For the large amount of data like image and the reconstruction of high sampling rate signal, the greedy algorithm of the OMP class has weak theoretical guarantee. From the data statistics above Figure 7 and Table 3, the accuracy and time of the reconstruction cannot reach the ideal at the same time, and the accurate reconstruction of the signal has some randomness. Therefore, the greedy algorithm for OMP class often considers the time cost on the basis of satisfying the reconstruction accuracy, and takes a compromise between the reconstruction time and the reconstruction accuracy. Similarly, when the sampling rate is 1/4, different types of images are reconstructed, and statistical data are obtained as shown in

Table 4. The quantitative results (PSNR/SSIM) of different algorithms for the different types of images.

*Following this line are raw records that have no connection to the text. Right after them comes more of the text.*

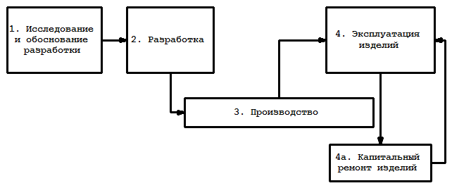 На следующем рисунке приведена типовая схема жизненного цикла изделий, распределение видов работ по стадиям жизненного цикла.
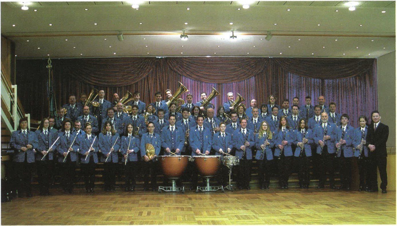 2001 steht schon ganz im Zeichen für das bevorstehende Jubiläum. Der Ausschuss und die aktiven Musiker haben sich für eine neue Uniform entschieden. Bei der Auswahl der Farben blau/gelb hat man sich als „Stadtkapelle" zum Zeichen der Solidarität und Verbundenheit bewusst an den Farben des Stadtwappens der Stadt Oberkochen orientiert.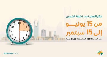تطبيق حظر العمل تحت أشعة الشمس بدءاً من هذا الموعد وفق إعلان وزارة الموارد البشرية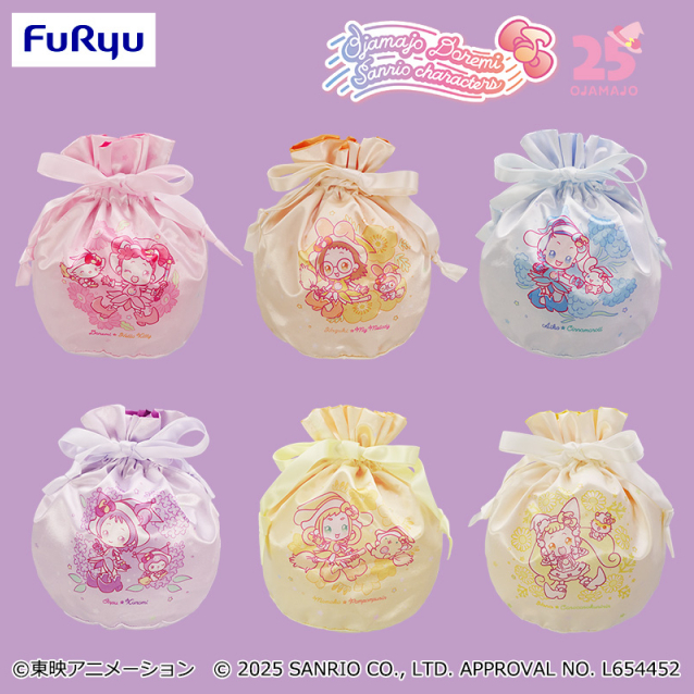 おジャ魔女どれみ×サンリオキャラクターズ サテン巾着ポーチ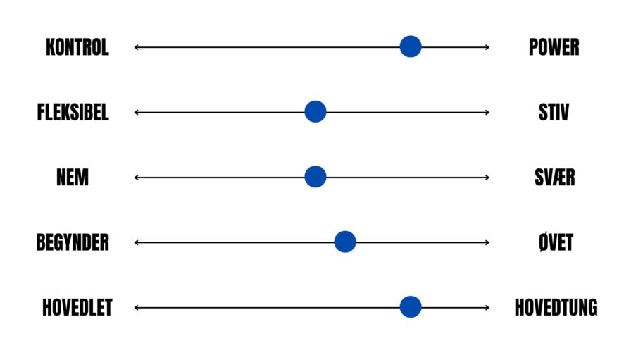 Begynder vs. Øvet: Fortæller hvilken spillertype ketcheren henvender sig til. Desto sværere ketcheren er at spille med, desto længere op vil prikken være imod øvet.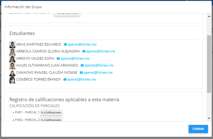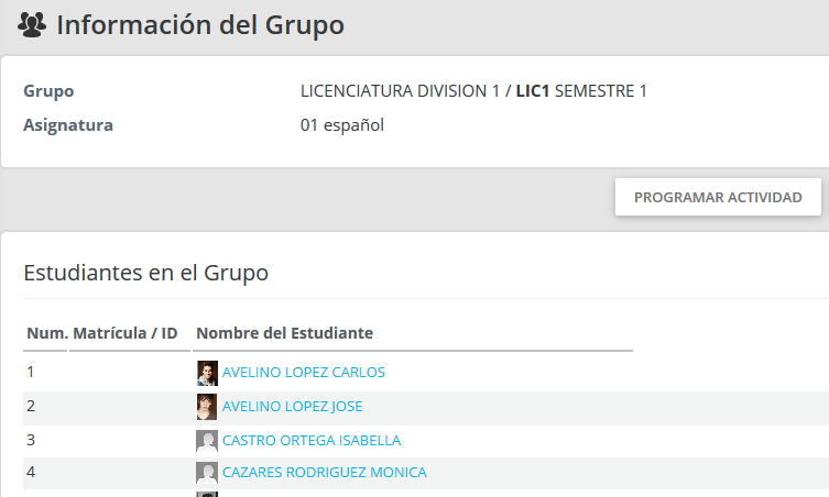 Esta opción activará en la opción Información del Grupo el enlace para consultar datos básicos del Estudiantes.
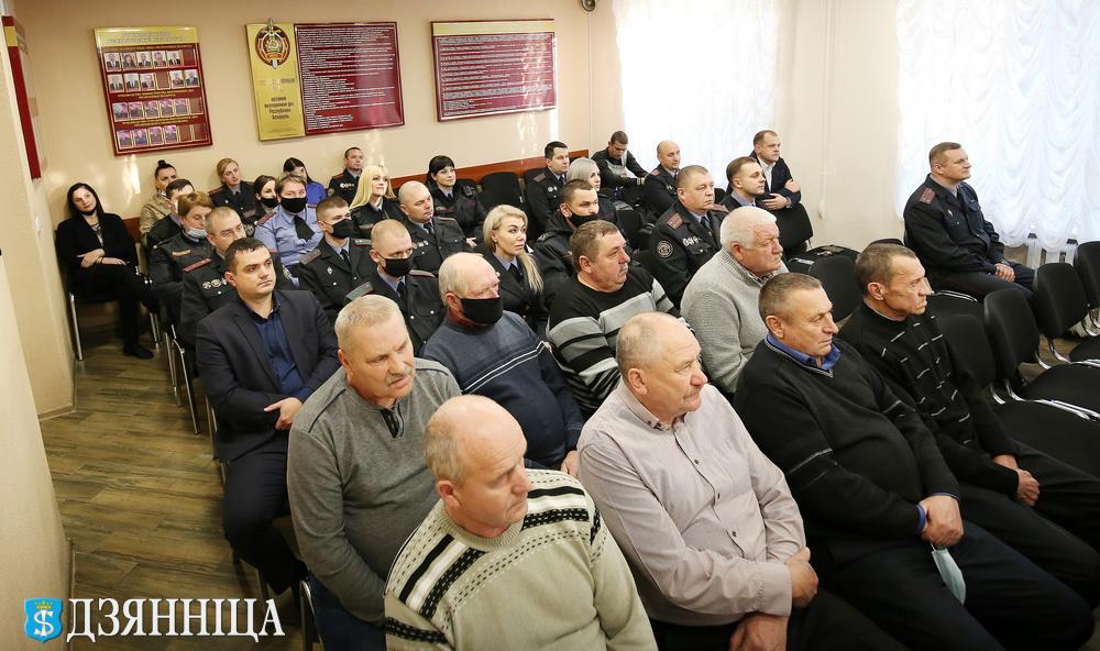 Под аплодисменты зала были вручены памятные знаки “Участник ликвидации аварии на ЧАЭС” ветеранам милиции В.Е. Антоновичу, В.В. Клусу, А.Н. Ковалевскому, Ч.К. Менскому, И.Э. Мысливцу, Ч.Б. Новику, И.Б. Шибутовичу и С.И. Якубашко. Был также отмечен и подполковник милиции в отставке, председатель ветеранской организации М.И. Майко.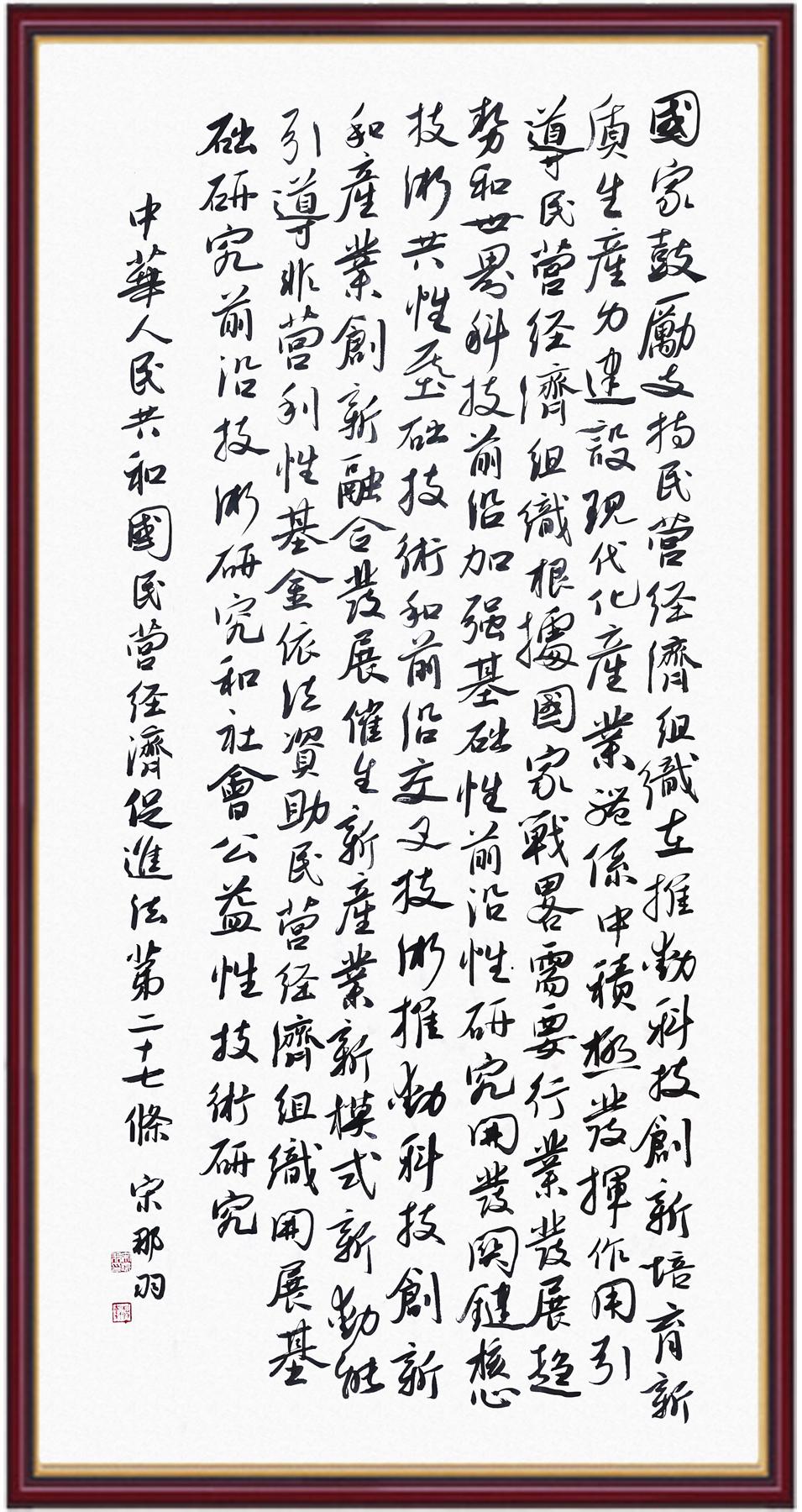 《中華人民共和國民營經(jīng)濟(jì)促進(jìn)法》自今年5月20日起施行。作為我國首部專門關(guān)于民營經(jīng)濟(jì)發(fā)展的基礎(chǔ)性法律,民營經(jīng)濟(jì)促進(jìn)法將支持和保障民營經(jīng)濟(jì)發(fā)展的法律制度融入中國特色社會主義法律體系,具有重大的法治意義,為促進(jìn)民營經(jīng)濟(jì)持續(xù)、健康、高質(zhì)量發(fā)展提供了堅實的法治保障。為更好地學(xué)習(xí)、宣傳、貫徹這部法律,法治日報社聯(lián)合司法部普法與依法治理局,開展“‘書·法’系列活動之書寫《中華人民共和國民營經(jīng)濟(jì)促進(jìn)法》”活動。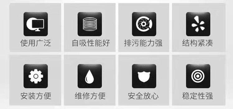 大流量自吸排污泵 分体式直连式不锈钢污水自吸泵 主要有进口接管、单向阀、出水接管、泵体、叶轮、机械密封、轴承座和泵轴。采用双叶片叶轮结构,提高了污物的通过能力。机械密封采用新型摩擦副,并长期处于油室内运行。结构紧凑、体积小、噪声小、节能,检修更换方便。自动控制柜可以根据所需变化,自动控制泵的启动与停止不需专人看管,使用方便。可根据用户需要配备安装方式,安装时人不必进入污水坑。能够在设计范围内使用,保证电机不过载。泵配上户外电机,无须建泵房,可直接安装在户外使用。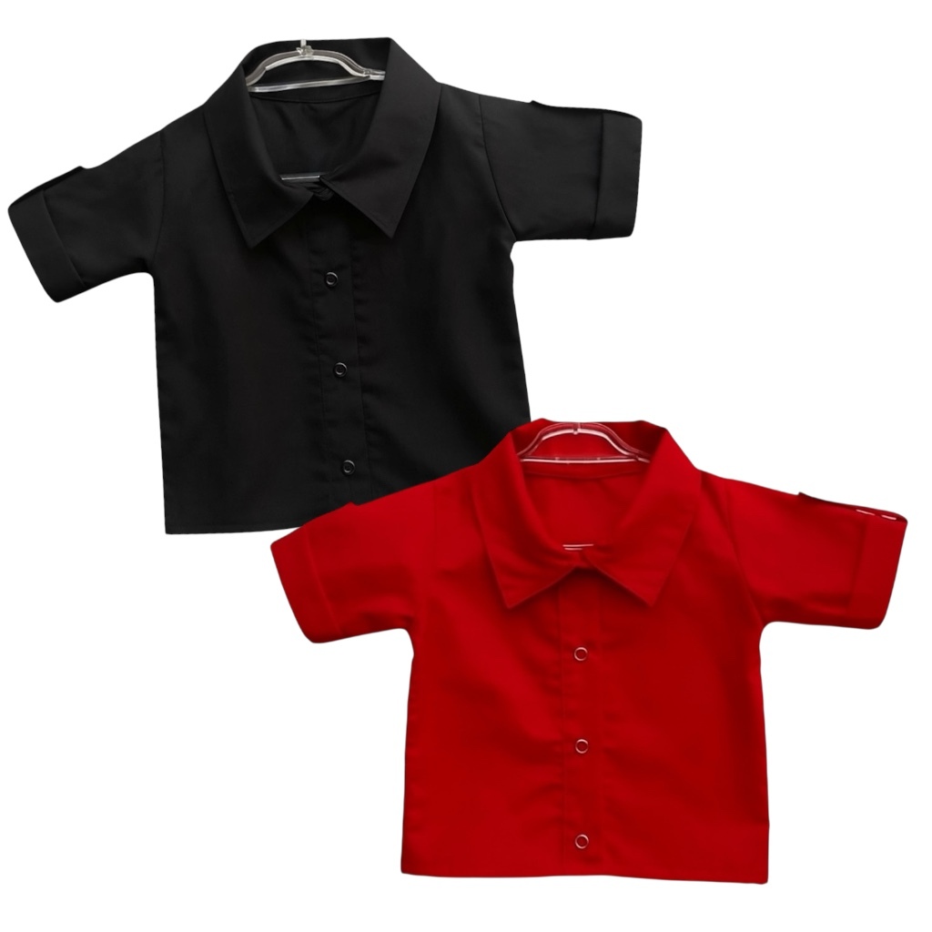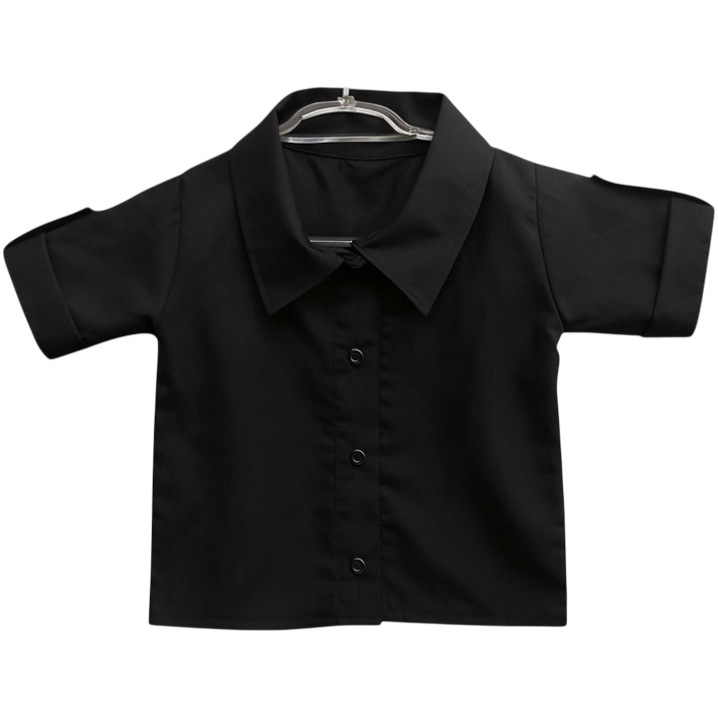 Camisa Social Infantil Bebê Menino Manga Curta Preta 100% Algodão - Tam. P/M/G | Diversas Cores

Algorithm	Peppers	Bridge	Lena	Barbara	Goldhill	Mandrill
SP	26.07/0.6361	21.85/0.4598	26.70/0.6439	24.10/0.6830	25.89/0.6046	20.96/0.4385
IRLS	29.32/0.7860	25.86/0.8044	31.62/0.816	28.07/0.9084	30.46/0.8554	23.50/0.7396
OMP	29.28/0.7791	25.66/0.7810	31.53/0.8089	28.01/0.9005	30.27/0.8411	23.38/0.7165
ROMP	29.04/0.7709	25.19/0.7552	31.30/0.8001	27.63/0.8874	29.28/0.8212	22.98/0.6905
GOMP	29.30/0.7837	25.81/0.7983	31.58/0.8135	28.05/0.9062	30.40/0.8516	23.46/0.7330
L1_BP	29.31/0.785	25.85/0.8038	31.60/0.8150	28.06/0.9080	30.44/0.8547	23.48/0.7389
L1_LS	29.33/0.7866	25.89/0.8051	31.64/0.8164	28.09/0.9087	30.48/0.8559	23.53/0.7404
L0GP	29.43/0.7922	26.17/0.8145	31.90/0.8231	28.62/0.9152	30.78/0.8634	23.98/0.7551

.

Based on the data statistics of the above experiments, with increasing signal sampling rate, more information of the original signal is obtained from sampling, so the advantages of the new proposed algorithm have been weakened slightly. Although the performance of the new proposed L0GP algorithm is not the best in the reconstruction time, the reconstruction time is also very short and the accuracy of the reconstructed signal is the highest among the eight algorithms. The experimental simulation results also further verify the effectiveness of the algorithm theory analysis in Section 2 and Section 3.

5. Conclusions

In this paper, a gradient projection algorithm approximating the minimum L0 norm from the L2 norm is proposed to solve the optimization problem of sparse signal reconstruction. This new algorithm integrates the characteristics of both convex optimization and non-convex optimization algorithm, making the algorithm approximate the global optimal sparse solution with higher probability and higher efficiency in the iterative process. The simulations are carried out on sparse signal reconstructions of one-dimensional signal and two-dimensional no sparse signal. Compared with the convex optimization algorithm of the minimum norm and the greedy algorithm of the matching tracking, the new proposed algorithm performs better in the precision and speed of reconstructing signal. Especially under the low sampling rate of sparse signal, the performance of L0GP is much outstanding. As a result, the required number of measurements for sparse signal of compressed sensing would be less and the speed of compressed sensing can be accelerated greatly.